Despite his popularity, Modi still faces strident criticism from some. A group of more than 100 college professors and other academics across the U.S. have posted an open letter on the Internet warning people to beware of Modi's digital push. They say it could be a veiled attempt to enable the government to monitor private communications and suppress dissent.
"A lot of this is just very good public relations management," said Thomas Blom Hansen, a Stanford University anthropology professor who has been studying India for 25 years. "All we are saying is, 'Hang on, it's not as well as it looks.'"
Modi's government has raised privacy fears with a proposal that would have required Internet users to save unencrypted copies of their texts and posts on social networks, an idea that Wadhwa describes as a blunder conceived by lower-level bureaucrats in India.
Another group called "Sikhs For Justice" is offering $10,000 to anyone who confronts Modi with two questions about perceived threats to religious freedom in India during a "town hall" meeting scheduled Sunday morning at Facebook's Menlo Park, California, headquarters.
Modi's arrival Saturday will mark the first time an Indian head of state has been in California in 33 years, turning his appearance into a cause for celebration among the tens of thousands of Indian immigrants living and working in Silicon Valley.
His appearance Sunday at a free community event in San Jose, California, will pack the SAP Center, an arena with 18,000 seats. More than 45,000 people had requested tickets.
Event organizers now believe Modi might have been able to fill the nearly 70,000 seats at Levi's Stadium, which last month hosted sold-out concerts by pop singer Taylor Swift—one of only a few dozen people in the world who has amassed a bigger audience on Twitter and Facebook than Modi.
President Barack Obama is the only elected leader more popular on those influential networks than Modi, who boasts more than 15 million Twitter followers and more than 30 million Facebook fans. Modi regularly shares his thoughts on both communication channels.
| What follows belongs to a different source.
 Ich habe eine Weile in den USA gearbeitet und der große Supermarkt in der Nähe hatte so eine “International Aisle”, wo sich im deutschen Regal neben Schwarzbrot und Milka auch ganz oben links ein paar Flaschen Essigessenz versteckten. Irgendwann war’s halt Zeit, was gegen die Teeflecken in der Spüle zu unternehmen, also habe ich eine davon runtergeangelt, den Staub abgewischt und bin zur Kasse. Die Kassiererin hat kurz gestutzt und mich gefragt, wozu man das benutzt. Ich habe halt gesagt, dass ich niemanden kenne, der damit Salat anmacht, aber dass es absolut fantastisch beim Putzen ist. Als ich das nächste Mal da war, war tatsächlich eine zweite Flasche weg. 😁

Before he meets with Obama in New York on Monday, Modi will be discussing his digital agenda with some of the technology's biggest stars. He is due to dine Saturday with a list of CEOs that includes Apple's Tim Cook and two native Indians, Microsoft's Satya Nadella and Google's Sundar Pichai. His itinerary also includes Sunday's town hall alongside Facebook CEO Mark Zuckerberg, a test drive with Tesla Motors CEO Elon Musk in one of the company's trend-setting electric cars and stop at Google's Mountain View, California, headquarters.
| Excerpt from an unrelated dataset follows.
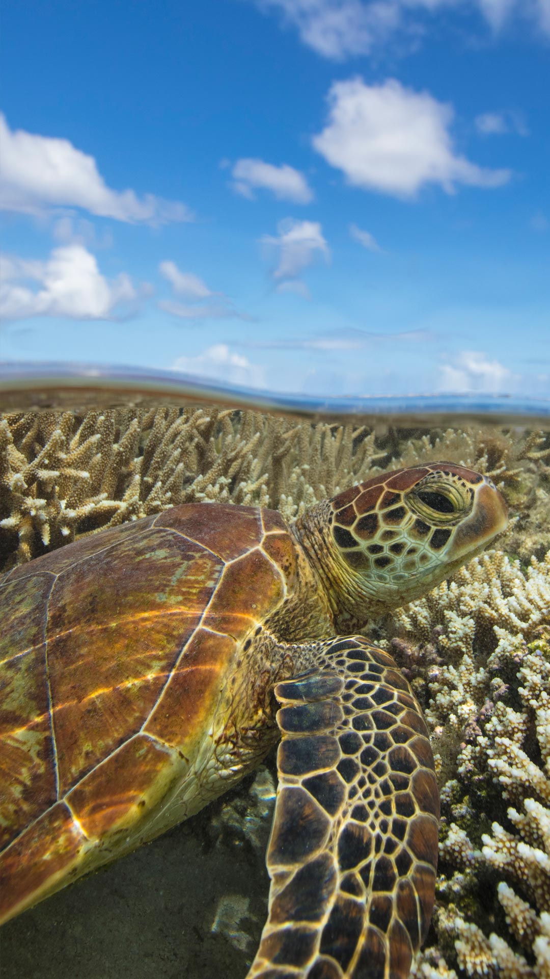 Green turtle swimming over a coral reef, Lady Elliot Island, Queensland (© seanscott/Getty Images) - Bing Wallpaper on December 29, 2020

Like many other technology workers born in India, both Nadella and Pichai came to the U.S. to study engineering. Asians now hold 25 percent to 43 percent of the U.S. technology jobs at Google, Apple, Microsoft and Facebook, according to the companies' most recent disclosures. The racial breakdowns don't specify what percentage of the companies' Asian workforce is Indian, but they all acknowledge it's a significant number.
But technology companies aren't embracing Modi just to please their Indian workers. They all view India as a potentially lucrative market for years to come. Although the country has produced many successful engineers, technology entrepreneurs and executives, much of the population in India still isn't using computers. That makes it a ripe market for mobile devices and a wide range of other digital products and services.
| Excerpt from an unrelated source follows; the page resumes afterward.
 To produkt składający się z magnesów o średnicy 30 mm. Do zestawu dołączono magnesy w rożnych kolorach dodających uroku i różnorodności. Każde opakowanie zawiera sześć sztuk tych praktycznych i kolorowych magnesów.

Facebook has already launched an effort to connect with lower-income Indians through Zuckerberg's Internet.org project, but that has met resistance from Indian groups who say the project favors the company's social network and other products over homegrown web services. That's just one reason why Wadhwa believes Zuckerberg and other Internet executives are trying to woo Modi as an ally.
"Poverty is a massive problem in India and technology-based entrepreneurship can be an antidote," said Silicon Valley venture capitalist Venktesh Shukla, who also will be meeting with Modi on behalf of The Indus Entrepreneurs, a group that helps Indians form and launch startups. "We want to talk to him about how to create the framework to replicate the magic of Silicon Valley in India."